**TASK:** Transcribe the data exactly, pictures excluded.

**SUPPLIED INFORMATION:**
-- Opening Marker --

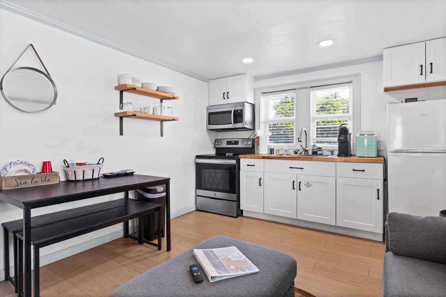 Charming Renovated Cottage w/ Community Pool ● Pack lightly for this quaint newly renovated 3-bedroom cottage with Front Porch ● Free Parking ●Outdoor pool for guests ● All the comforts of home; just perfect for a beach getaway for 6 ● One short block to the beach, Kure Beach Pier, restaurants and arcade are a quick stroll away ● Drive to Carolina Beach Boardwalk for famous Britt's doughnuts, Fort Fisher Museum, Aquarium and the Ferry that goes to Southport for an adventure you're sure to enjoy!
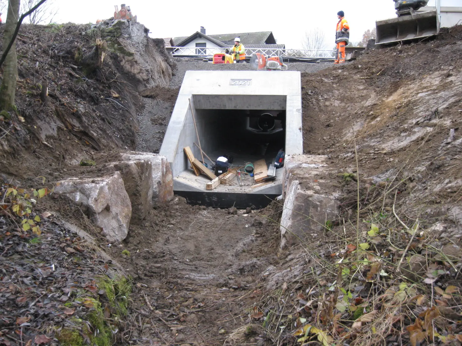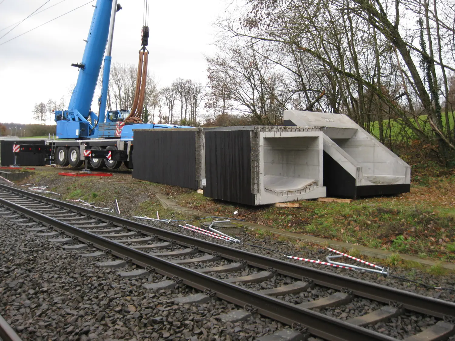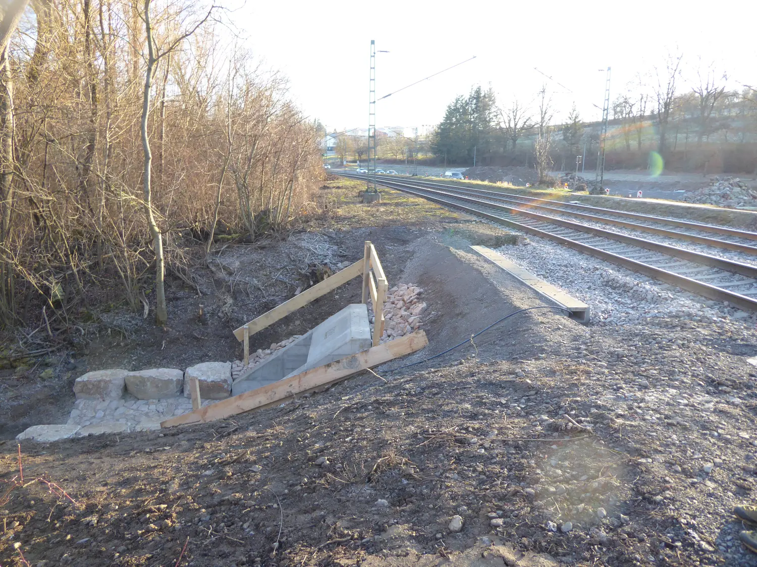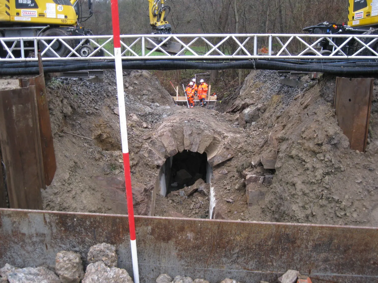 Erneuerung eines Durchlasses mittels Stahlbetonrahmen, aus vorgefertigten Fertigteilen. Abbruch des bestehenden Bauwerks und Einbau des neuen Bauwerks während einer Totalsperrung der Strecke
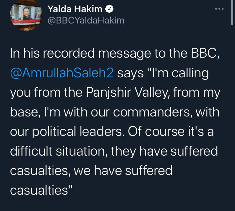 В.о. президента Афганістану Амрулла Салех у записаному повідомленні, яке надіслав BBC, спростував захоплення Панджшеру та спростував чутки про свою втечу в Таджикістан

-- Closing Marker --

**WRITTEN SOLUTION:**
 Charming Renovated Cottage w/ Community Pool ● Pack lightly for this quaint newly renovated 3-bedroom cottage with Front Porch ● Free Parking ●Outdoor pool for guests ● All the comforts of home; just perfect for a beach getaway for 6 ● One short block to the beach, Kure Beach Pier, restaurants and arcade are a quick stroll away ● Drive to Carolina Beach Boardwalk for famous Britt's doughnuts, Fort Fisher Museum, Aquarium and the Ferry that goes to Southport for an adventure you're sure to enjoy!
 Erneuerung eines Durchlasses mittels Stahlbetonrahmen, aus vorgefertigten Fertigteilen. Abbruch des bestehenden Bauwerks und Einbau des neuen Bauwerks während einer Totalsperrung der Strecke
 В.о. президента Афганістану Амрулла Салех у записаному повідомленні, яке надіслав BBC, спростував захоплення Панджшеру та спростував чутки про свою втечу в Таджикістан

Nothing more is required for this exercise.